# tax credits and child benefits on a spouse visa?



## teaandscones (Jan 15, 2014)

Hi all,

My husband and i just had a baby girl and have been told that we are entitled to child tax credits and child benefits. 
Husband is one year into his spouse visa (Chinese) and working full time. I am a stay at home mum, not on maternity leave and I am British. 

My question is, will this in anyway affect our visa, as I would be claiming them on my behalf. I am aware my husband is not to "claim public resources" on his visa. 
Any advice on this matter would be greatly appreciated!


----------



## Joppa (Sep 7, 2009)

No problem about claiming Child Benefit. When claiming CTC, make sure you tick a box declaring that your husband is subject to immigration control with no recourse to public funds. This is important as Home Office often check to see if you have done so. Provided you have declared, it won't affect his visa status or renewal, even though by law you have to apply jointly with him.


----------



## teaandscones (Jan 15, 2014)

Joppa said:


> No problem about claiming Child Benefit. When claiming CTC, make sure you tick a box declaring that your husband is subject to immigration control with no recourse to public funds. This is important as Home Office often check to see if you have done so. Provided you have declared, it won't affect his visa status or renewal, even though by law you have to apply jointly with him.


Thank you so much. 

We just got the letter from HMRC about the Child Tax Credit application. 
They decided I am able to get Child Tax Credit and my husband can get Working Tax Credit. 
We did tick the box that he is subject to immigration control when we filled out the application form. And now he is receiving money... will it be any problems with his visa renewal ? 

We called Tax Credit Hotline about this issue and got the answer from them "I don't see why he can't get the Working Tax Credit." Even though she sounds like it's okay, we just want to make sure that he can get his visa renew and stay in the country with me and the baby together. Just don't want to risk it. 

Not sure anyone can help us with this. Thanks in advance.


----------



## Joppa (Sep 7, 2009)

The conditions for getting tax credits if you are subject to immigration control:
https://www.gov.uk/tax-credits-if-moving-country-or-travelling/immigration-control
As you don't need leave to remain in UK (UK citizen), he may be eligible for tax credit, specifically working tax credit if he is in work. You always apply for tax credits as a couple even if one of you have no recourse to public funds. Home Office knows this and is happy about it.


----------



## teaandscones (Jan 15, 2014)

Joppa said:


> The conditions for getting tax credits if you are subject to immigration control:
> https://www.gov.uk/tax-credits-if-moving-country-or-travelling/immigration-control
> As you don't need leave to remain in UK (UK citizen), he may be eligible for tax credit, specifically working tax credit if he is in work. You always apply for tax credits as a couple even if one of you have no recourse to public funds.

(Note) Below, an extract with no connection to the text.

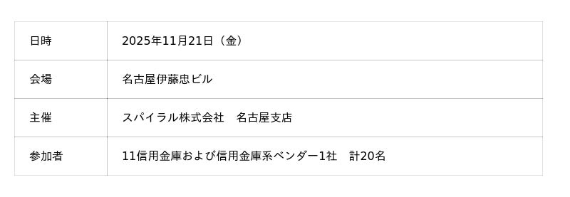 デジタルで未来最適をリードするスパイラル株式会社(東京都港区、代表取締役グループCEO 佐谷 宣昭)の名古屋支店は、2025年11月21日(金)に、名古屋支店が拠点を置く名古屋伊藤忠ビルにて東海エリアを中心とした信用金庫を対象にユーザー会を開催いたしました。

Home Office knows this and is happy about it.


Yes, he is working in England and 40 hrs a week. 

Just click on the link and found this 
"Exceptions
You may be able to get tax credits if:
your partner lives in the UK and is not subject to immigration control'

As I am his partner and not subject to immigration control, I think he can get the Working Tax Credit without any visa problems. 

Once again, big THANK YOU, Joppa.


----------



## Joppa (Sep 7, 2009)

Because of the peculiarity of tax credits, all applications must be made jointly with their spouse/partner, even if they are subject to immigration control. This is different from other non-contributory, universal benefits, where applications are made singly, so those who have no recourse to public funds cannot apply.


----------